Large multicore processors will also gain advantages from having tight coupling to hardware accelerators. Moving the hardware accelerator interfaces inside of the processors instead of connecting to them over an SoC bus will reduce latencies and traffic on SoC buses while increasing data sharing and system performance. This can also increase the efficiency of programmable control over the accelerators if shared user registers are implemented.
草榴社区’ next-generation DesignWare ARC HS5x and ARC HS6x Processor IP take advantage of many of the methods described previously to increase processor performance. They are built with a high-speed 10-stage, dual-issue pipeline that offers increased utilization of functional units with a limited increase in power and area. The ARC 64-bit HS6x processors feature a full 64-bit pipeline and register file and supports 64-bit virtual and 52-bit physical address spaces to enable direct addressing of current and future large memories, as well as 128-bit loads and stores for efficient data movement (Figure 4).
Figure 4: DesignWare ARC HS5x/HS6x Processor IP Block Diagram
Multicore versions of both the 32-bit ARC HS5x and 64-bit HS6x processors include an advanced high-bandwidth internal processor interconnect that has been designed to ease timing closure with asynchronous clocking and up to 800 GB/s internal aggregate bandwidth. The multicore versions of the new ARC HS processors include the advanced interconnect fabric that links up to 12 CPU cores and supports interfaces for up to 16 user hardware accelerators.

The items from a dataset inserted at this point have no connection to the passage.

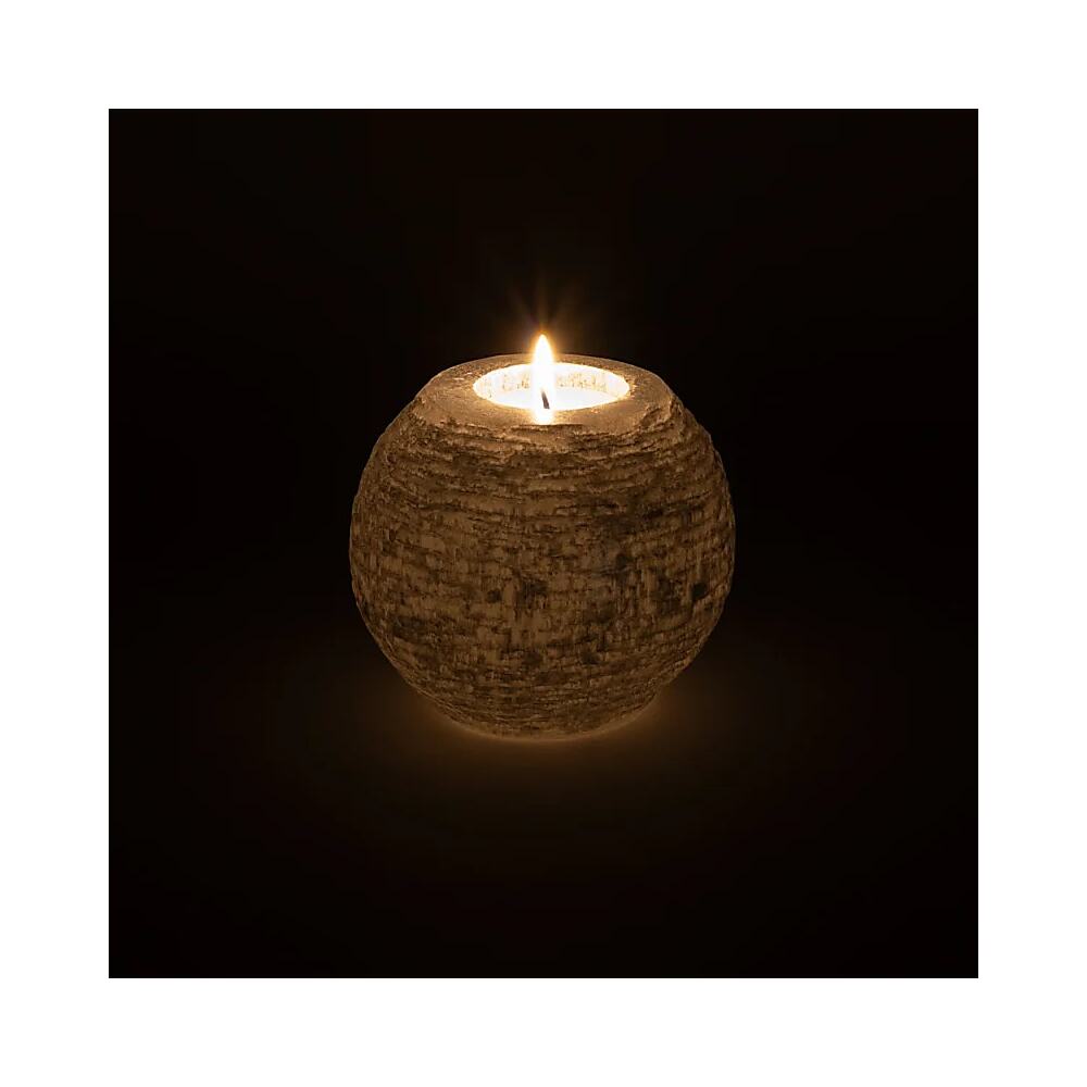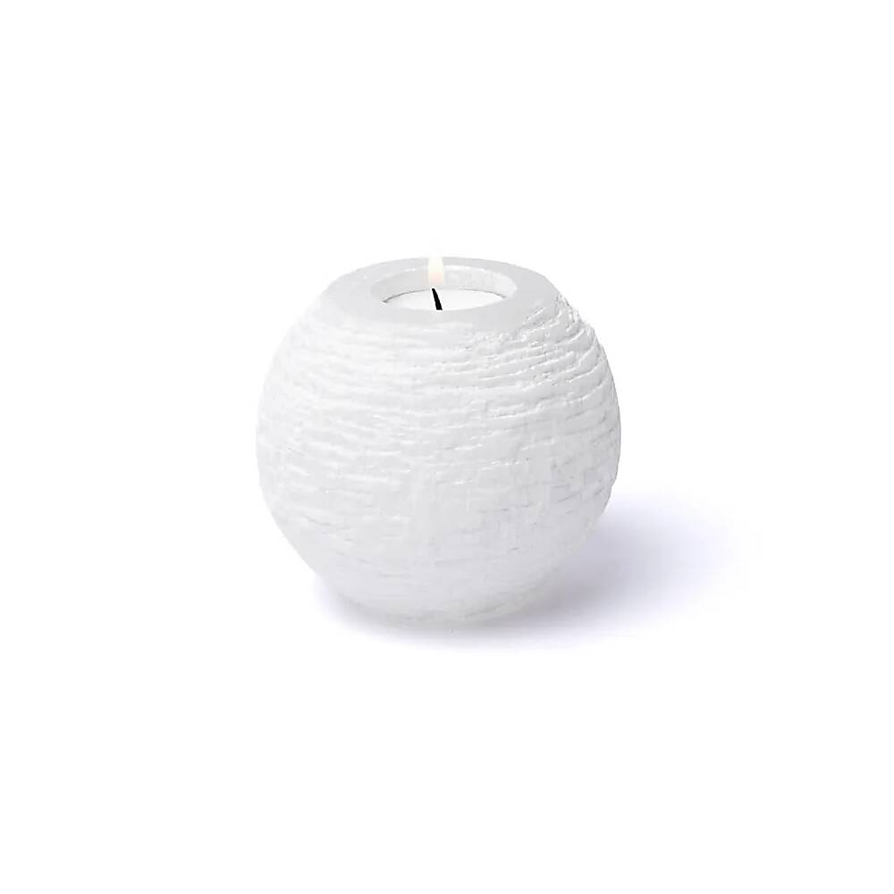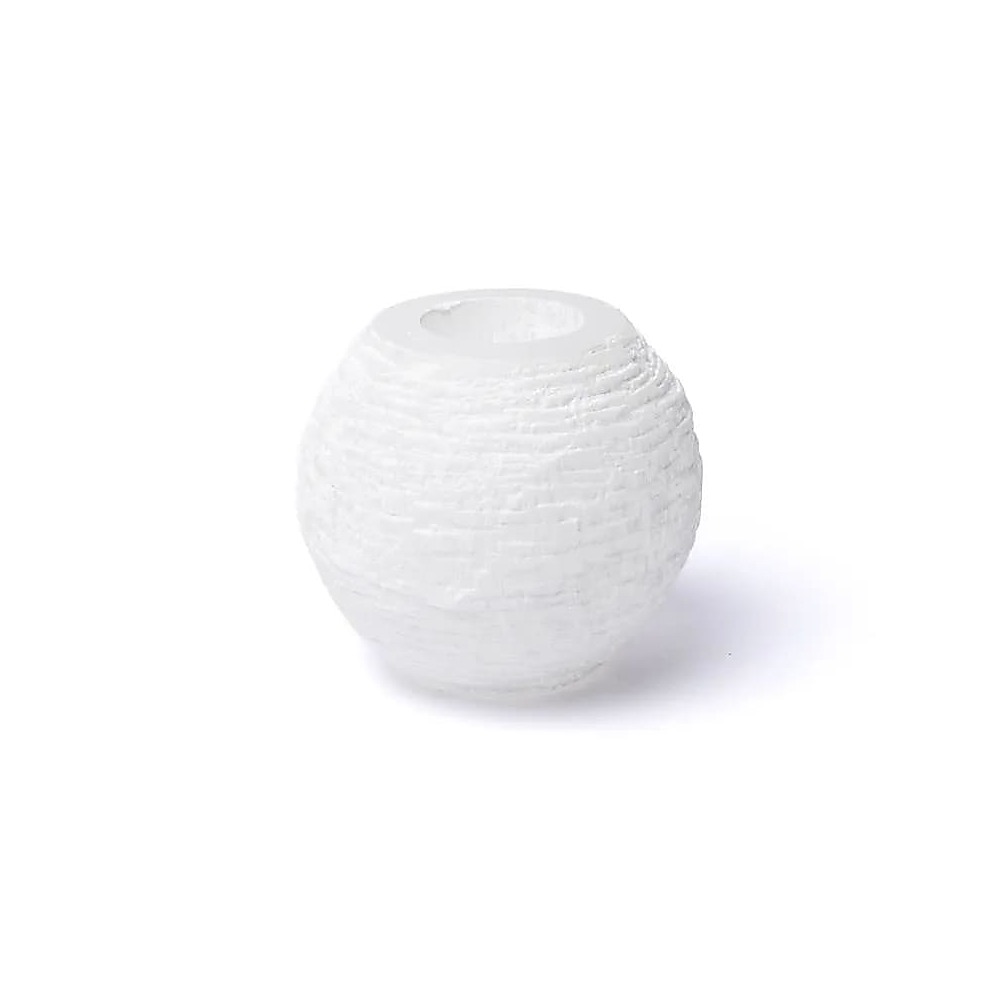 En större, rund värmeljushållare av selenit som ger mjukt, stämningsfullt ljus.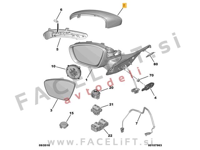 - Opel Corsa, Corsa-e F (od 06/2019 do 12/2023) - samo ogledala z ročnim nastavljanjem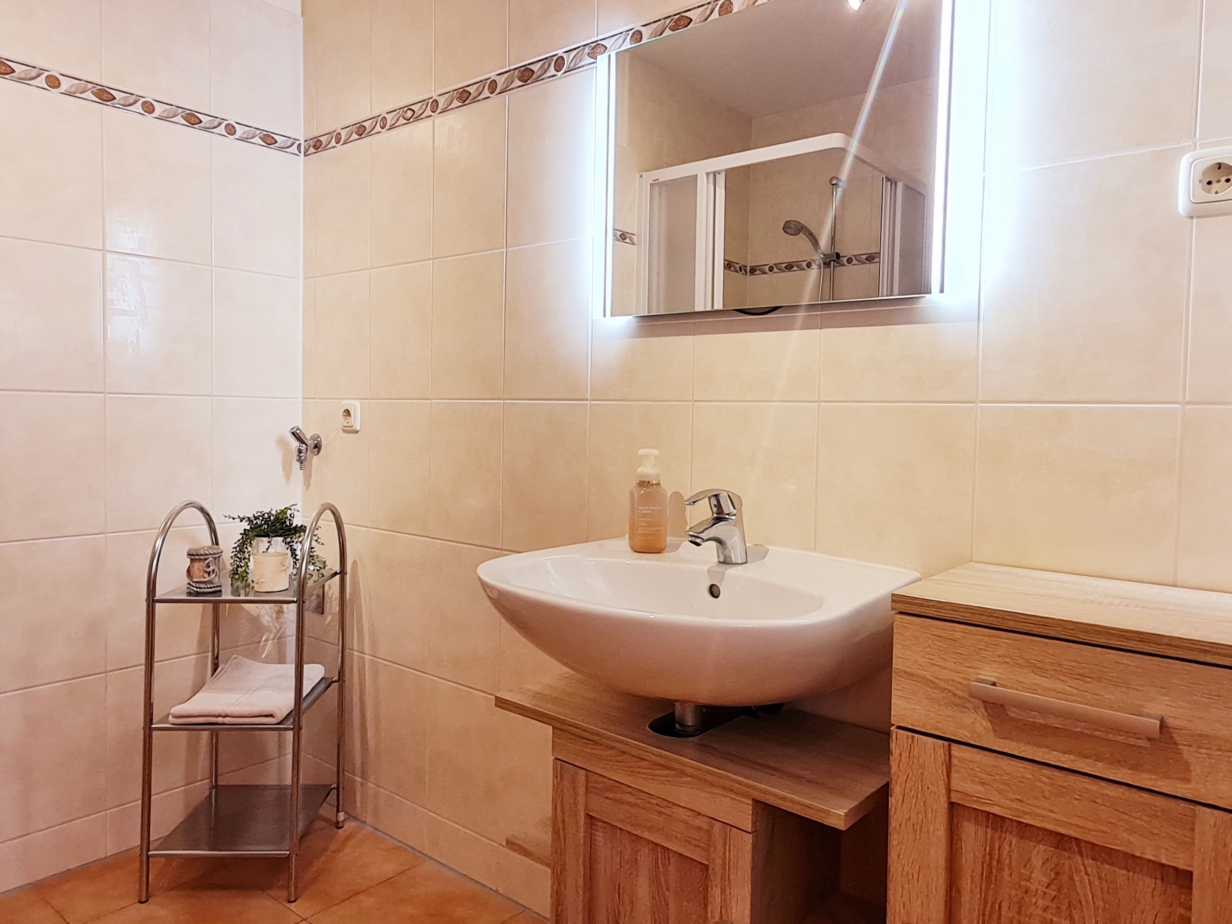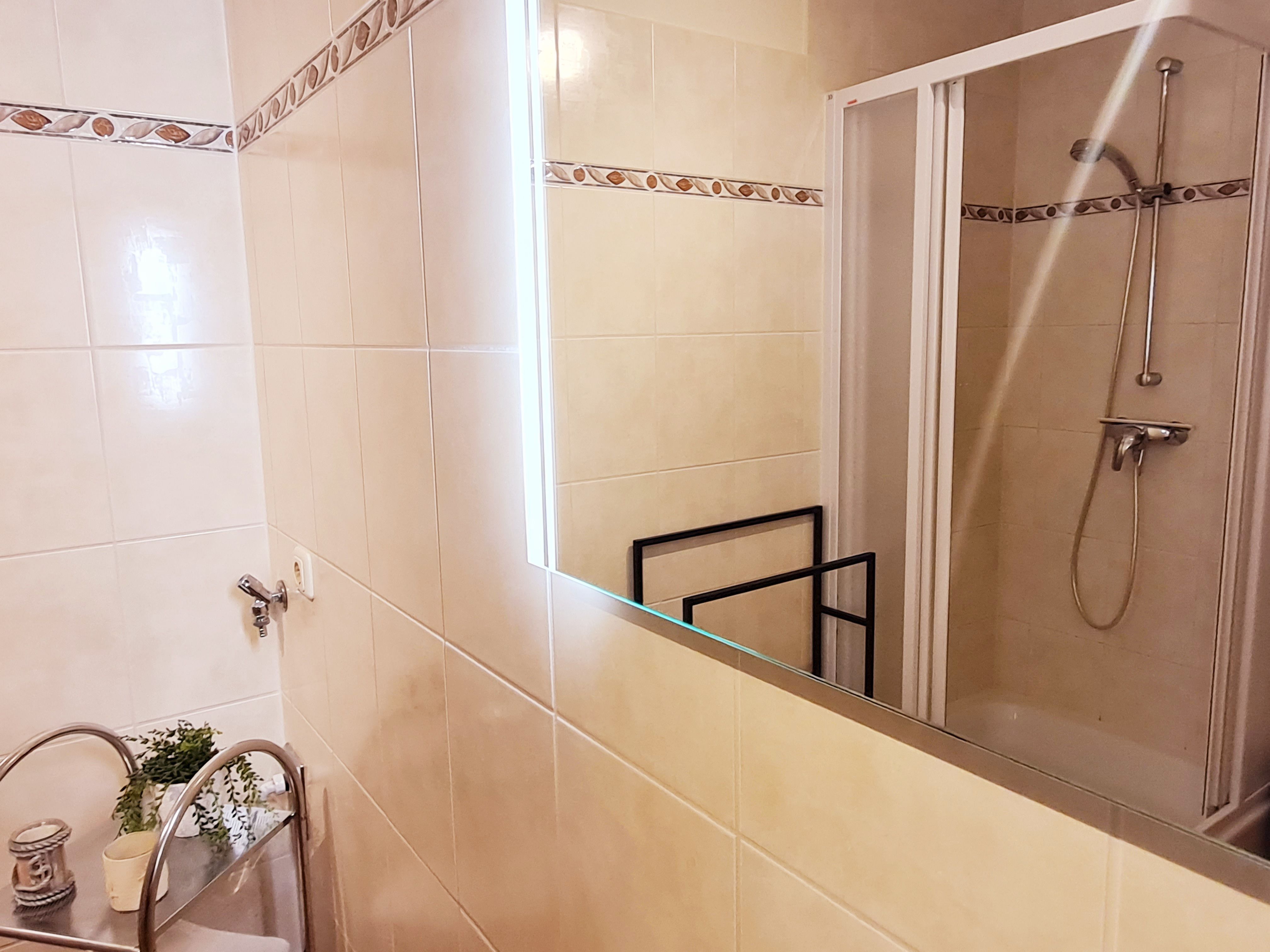 • Bad: ohne Fenster, Dusche, Waschbecken, Toilette, Spiegel, Unterschrank Waschbecken, Schrank, Handtuchhalter

To aid timing closure each core can reside in its own power domain and have an asynchronous clock relationship with the other cores. Like all DesignWare ARC processors, the HS5x and HS6x processors are highly configurable and implement ARC Processor EXtension (APEX) technology that enables the support of custom instructions to meet the unique performance, power, and area requirements of embedded applications.
To accelerate software development, the ARC HS5x and HS6x processors are supported by the ARC MetaWare Development Toolkit that generates highly efficient code. Open-source tool support for the processors includes the Zephyr real-time operating system, an optimized Linux kernel, the GNU Compiler Collection (GCC), GNU Debugger (GDB), and the associated GNU programming utilities (binutils).
The performance requirements for embedded applications will continue to increase. The processors used in these applications must also increase in performance. This is challenging because area and power will be limited, and the easy processor performance gains have already been made. Advanced process nodes no longer deliver the gains that they once did, and embedded processor speeds are being limited. Superscalar and OoO capabilities are common in high-end processors, and 64-bit, though necessary, offers limited increase in performance. A new generation of multicore processor with support for more than eight CPU cores and the internal connection of hardware accelerators are needed. New processors like DesignWare ARC HS5x and HS6x Processor IP will deliver scalable performance and capabilities while enabling designers to manage the power and area requirements of their embedded applications. Built on an advanced architecture and implemented with high-speed internal interconnect these processors address the performance needs of today’s high-end embedded applications while having plenty left over for future designs.